In rdinnager/rspektral: What the Package Does (One Line, Title Case)

knitr::opts_chunk$set(
  collapse = TRUE,
  comment = "#>"
)

library(keras)
library(rspektral)

Here we will compare a number of different graph-based convolutional network methods for classifying documents using information about their citation networks. This is a node classification task, where documents are nodes in a citation networks, and features are the presence of different words (a bag-of-words).

First we will load a dataset of citations provided by the spektral package. This comes in the form fo a list of a A, and adjacency matrix for the citation network, X as matrix of node-level features (the bag-of-words), y, the labels we are trying to predict (corresponding to "topics"), and three different masks, used to set zero weights on some samples in order to remove them effectively from training.

## loads 'cora' dataset by default
c(A, X, y, train_mask, val_mask, test_mask) %<-% dataset_citations()

Next we will setup some parameters that we will use in our deep graph models:

channels <- 16           # Number of channels in the first layer
N <- dim(X)[1]           # Number of nodes in the graph
F <- dim(X)[2]           # Original size of node features
n_classes <- dim(y)[2]   # Number of classes
dropout <- 0.5           # Dropout rate for the features
l2_reg <- 5e-4 / 2       # L2 regularization rate
learning_rate <- 1e-2    # Learning rate
epochs <- 300            # Number of training epochs
es_patience <- 10        # Patience for early stopping

So, first we will setup one of the simpler graph neural networks, to show how this all works. The first thing we generally need to do to get a graph neural network up and running is to preprocess our data into a form expected by whatever graph neural network layers we want to use. In this case we will use a few Graph Convolution layers. This accepts the graph in the form of a Laplacian matrix, which is a transformation of the adjacency matrix. We can generate this easily using a preprocess function, which perform the necessary calculations for us. For a layer_graph_conv() we use the preprocess_graph_conv() function. We also will convert our X matrix, which is currently a sparse matrix, into a dense matrix for this analysis.

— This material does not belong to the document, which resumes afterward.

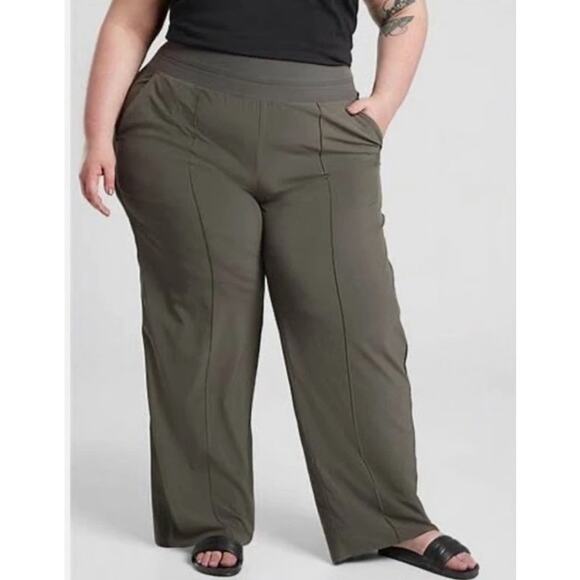 Athleta Nolita Wide Leg Pull-On Pants, Mountain Olive Green, Plus Size 26W

fltr <- preprocess_graph_conv(A)
X <- as.matrix(X)

class(fltr)
dim(fltr)
dim(X)

Next we setup our model using keras and the new layers provided by spekral and accessed in R through rspektral.

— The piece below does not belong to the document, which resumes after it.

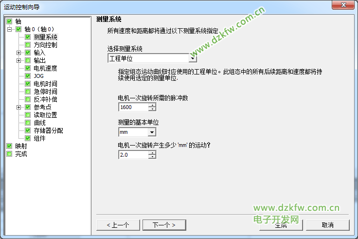 第四步:(測量系統單位—工程單位—電機一次旋轉需要的脈沖數1600—測量的基本單位—MM—電機一次旋轉產生多少距離的運動—2.0)
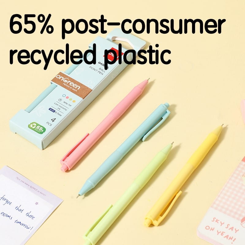 Długopis kulkowy z końcówką mini tip 0,7 mm, zapewniający precyzyjne pisanie. Tusz o niskiej lepkości gwarantuje płynne, lekkie pisanie bez przerywania, a ergonomiczna konstrukcja zwiększa komfort użytkowania. Wykonany w 65% z plastiku pochodzącego z recyklingu pokonsumenckiego, w opakowaniu bez tworzyw sztucznych. Zestaw zawiera 4 sztuki długopisów z niebieskim wkładem, w mixie kolorów (kolor wysyłany losowo).

X_in <- layer_input(shape = c(F))
fltr_in <- layer_input(shape = c(N), sparse = TRUE)

dropout_1 <- X_in %>%
  layer_dropout(rate = dropout)

graph_conv_1 <- list(dropout_1, fltr_in) %>%
  layer_graph_conv(channels,
                   activation = 'relu',
                   kernel_regularizer = regularizer_l2(l2_reg),
                   use_bias = FALSE)

dropout_2 <-  graph_conv_1 %>%
  layer_dropout(dropout)

graph_conv_2 <- list(dropout_2, fltr_in) %>%
  layer_graph_conv(n_classes,
                   activation = "softmax",
                   use_bias = FALSE)

model <- keras_model(inputs = list(X_in, fltr_in), outputs = graph_conv_2)
summary(model)